For her part, Klopf’s interest quickly expanded beyond an interim’s role. “I wanted to understand the potential. I’d either shut it down or make it better.” With the new search still ongoing, she applied for the permanent position.

The board, gingerly, responded with a yes vote. “There were risks,” Dixon admits. “I don’t know that we were all on board.”

Klopf was apprehensive, too. “I had just been offered a job as a portfolio manager. But I love to try new things. How many times in life do you get a chance to change? Money is not the goal. I want it to be, but it just doesn’t make me happy. So I came, and it was so refreshing …

“I wasn’t interested in art at all. I’d never been in an art museum. I ran through the Louvre once on a business trip.”

Now, with familiarity, she sees it “as the most fundamental form of communication. It was the form of language in the caves. Also, I understand what the word ‘community’ means now.”

She’s willing to admit she still has a lot to learn about art, which would put her in about the same position as most everyone else.

The results of the mutual experiment are in. “It’s an absolute success story,” Dixon confirms. The organization has grown and flourished. The staff has blossomed. It was a great win. I’d like to take credit for it, but I have to share it.”

In 2017, the A2AC board committed to buying the C.J. Walker building next door. “The art classes and outreach programs are helping to support all our work,” Klopf explains, “but they had to grow to do that.”

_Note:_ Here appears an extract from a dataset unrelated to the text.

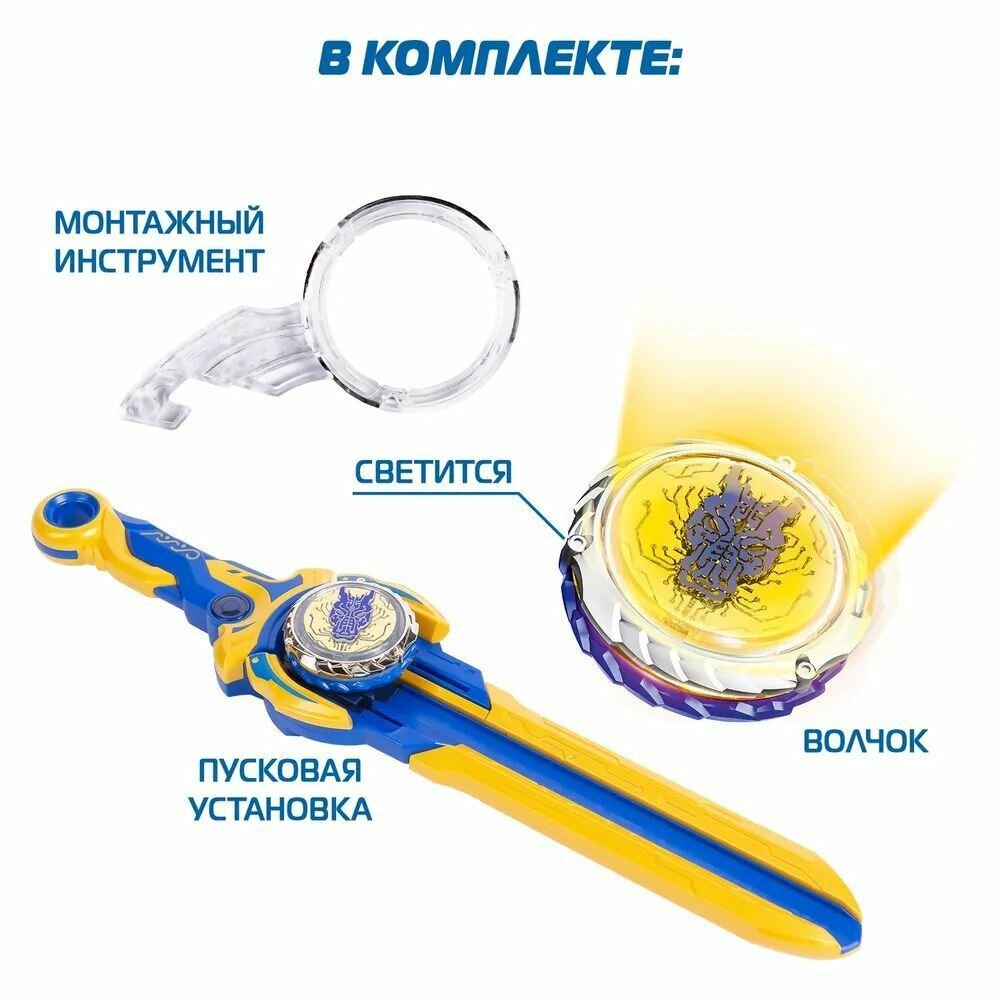 Боевой волчок ULTRASPIN, волчок, устройство для запуска с хватом, цвета микс

With most in-person classes on hold, the beautiful space is currently filled with a long line of tables where A2AC staff and volunteers assemble ArtBoxes full of supplies. “We bring art to you,” the website says, “in your time, in your space, regardless of age and ability.” The boxes are for sale individually but primarily serve as the basis for online “art camp” run by groups bringing art to underserved populations throughout Michigan.

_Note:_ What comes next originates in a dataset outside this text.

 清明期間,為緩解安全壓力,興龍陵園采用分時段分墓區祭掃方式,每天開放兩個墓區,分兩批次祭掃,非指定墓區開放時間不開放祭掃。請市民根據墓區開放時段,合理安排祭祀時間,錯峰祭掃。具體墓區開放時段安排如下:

The center promotes the art boxes on an exuberantly colorful website (annarborartcenter.org) that also announces classes, activities, exhibits, and shop news. Reflecting Klopf’s background, there are computer graphics classes and gallery shows put on by artists using technology as their medium.

Most visible of all are the huge new murals being painted on the west side of downtown. Crowdfunded on Patronicity with a matching grant from the Michigan Economic Development Corporation, they’re putting the A2AC’s stamp on what it’s declared the city’s “creative district.”

At the beginning of the year, all these initiatives were booming, backed by confidence in a $4 million fund drive. Then Covid-19 flew in. Undeterred, Klopf secured a PPE loan, a federal program to help small businesses retain employees. She moved classes online; they not only fill, they have waiting lists. ArtCamp went online. Not only is the shop going online (it is also open to visitors during hours posted on the website), but it is expanding to use an e-commerce platform to show the work of more artists. A lot of effort is going into ways to make online classes and camps work really well for participants.

The epidemic has slowed the fund drive somewhat, but a huge chunk is already in, and both Klopf and Dixon are confident the goal will be reached. It will pay off the loan for the Walker building and fund a renovation of both buildings. “We’re not super strong, but we’re stable!” Klopf says. “I think I was born to do this.”